In (2) and (3) N is the number of patterns, y are the measured values and p the predicted values

3.2 Dataset

Since the work of Kolter et al. [32] and the deployment of the smart meter, several datasets containing data from house-hold electrical consumption as well as individual appliance consumption have been made available for the public [23, 33, 34].

We used the UK-DALE (United Kingdom-Domestic Appliance Level) data set, which regroups aggregated and disaggregated device data for five houses in London, England, over several years. Aggregate data represents the power demand of all devices in the house. The power data of each device was measured via smart sockets on single devices which measured their individual energy demands. The individual power of each appliance and the global aggregated power data are sampled every six seconds (0.1667 Hz). The labeled measurement data of each device are also available.

The dataset regroups the measurements of over 10 types of devices, however, we used four devices in all our experiments: Kettle, fridge, dishwasher, and washing machine which are popular appliances for evaluating energy disaggregation algorithms [23, 24, 35, 36]. We selected these devices because all exist in at least 2 houses in the dataset. This means that, for each device, we can train our model in at least 1 house and test on another house not seen during training. Moreover, these four devices consume a considerable proportion of energy and expose a range of various power features from the two-states on/off of the kettle to the complex characteristics of the washing machine.

4 Results

We trained our ANN-NAR model on house 5 (Train dataset) of the UK-DALE dataset and evaluated the testing performance on house 2. House 2 (Test dataset) contains data for several months between 17-02-2013 and 10-10-2013 and house 5 (Train dataset) contains data measurements from 29-06-2014 to 13-11-2014. The results in terms of the MAE criterion in comparison with some works mentioned on the state of the art are presented in Table 3. We point out that all the 5 methods used techniques to disaggregate the device data from the aggregate consumption data of the house prior to predict the device power consumption. Here we only used the historical data of each device to train our model. It should also be noted that the experiments were carried out over the entire period that constitutes the test dataset (house 2 data).
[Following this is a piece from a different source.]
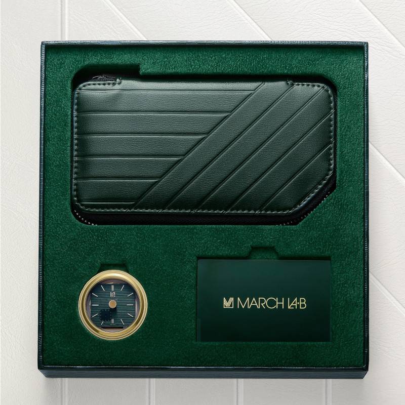 Le cadran de cette Mansart est un chef-d'œuvre de design avec sa finition striée horizontalement qui enrichit sa texture et son éclat. La montre est fournie avec deux cadrans interchangeables : un cadran doré, déjà monté sur la montre, et un cadran vert foncé, signature de la marque, soigneusement présenté dans un écrin doré. À 6 heures, le compteur de petite seconde ajoute une dimension pratique et esthétique, offrant une lecture précise du temps. Protégé par un verre saphir plat traité antireflets, le cadran reste lisible sous toutes les conditions de lumière, tout en étant résistant aux rayures.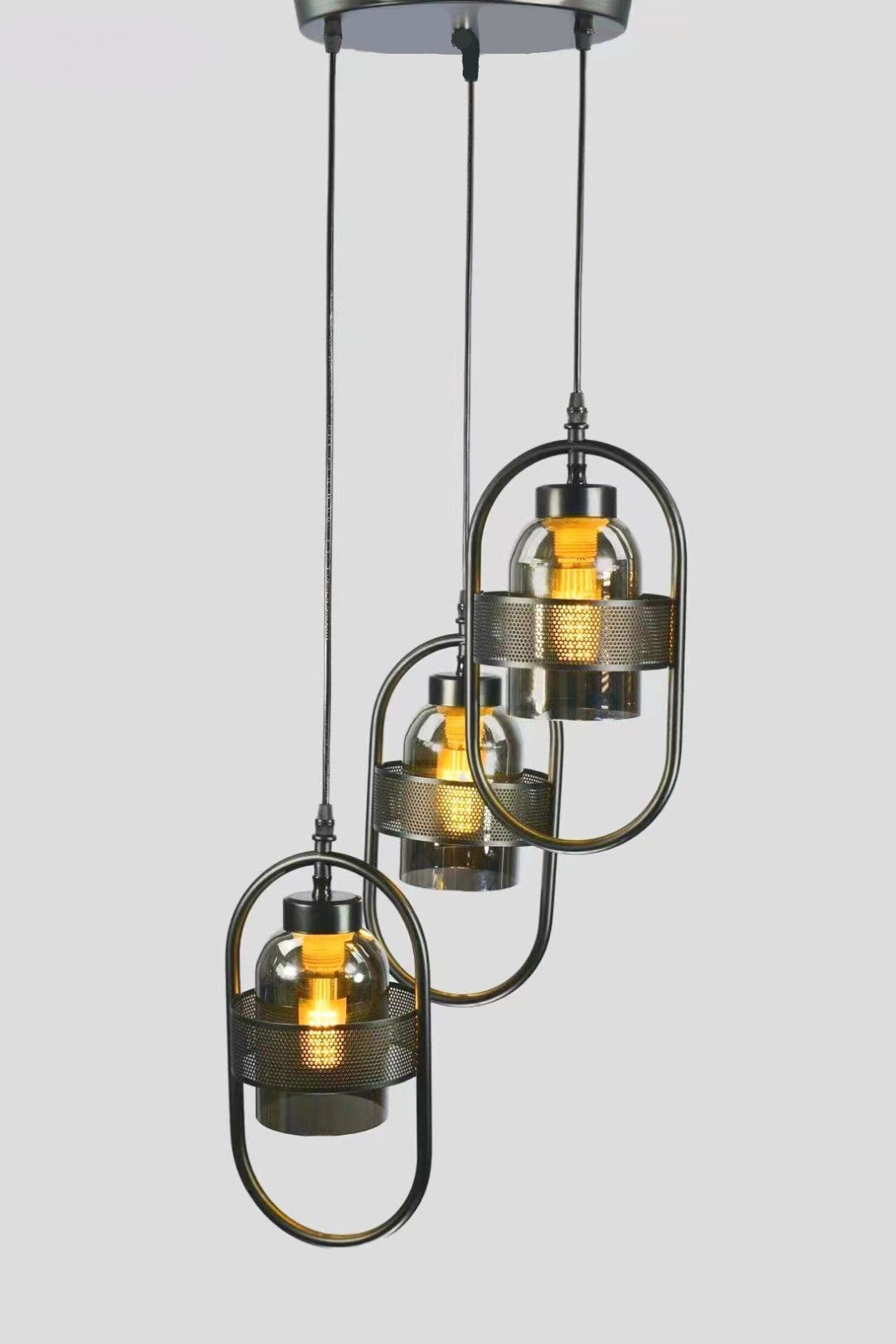 Pendul RFAN, Model 8319-3, cu Abajur, 3 x E27, Inaltime Reglabila, Negru

Table 3 shows that the developed model has surpassed all the 5 other state of-the-art methods, in terms of the MAE criterion, for every appliance. FHMM and CO proposed by Batra et al. present the worst performance, followed by LSTM proposed by Kelly et al., for Kettle and Fridge. The Seq2point proposed by Zhang et al. out-performs LSTM, CO and FHMM on the four appliances but falls behind our NAR model, where the MAE was reduced by 33%, 92%, 90% and 75% for the Kettle, Fridge, Dishwasher and washing machine, respectively. The Autoencoder developed by Kelly et al. outperforms Seq2point for the kettle and dishwasher, but is still worse than our model, which obtains a reduction in MAE of 14% and 89% respectively.

Table 3 Mean absolute error (MAE) (W) performance for UK-DALE dataset on a house not seen during training. Best performances are shown in bold

To assess the performance of the proposed method, Figure 1 shows the measured power and the predicted power, for the 4 different appliances and for short periods. Notice, however, that the results shown in Table 3 are applicable to the whole test set.

Fig. 1
figure 1

Predicted versus measured appliance power consumption for a Kettle, b Fridge, c Dishwasher and d Washing machine

5 Conclusion

In this study, we proposed a non-linear autoregressive neural network model for forecasting appliance power consumption. We have considered four appliances that consume an important proportion of energy and exhibit different operation patterns, from two states to more complex pattern. We have tested the impact of hidden neurons and hidden layers, as well as number of delays on the performances of the model. It has also been shown that the model is highly efficient, obtaining better prediction performance than some state-of-the-art methods.

Our future research will focus on studying the effect of exogenous data on the forecasting method and how data other than power could be used to improve the accuracy of forecasting.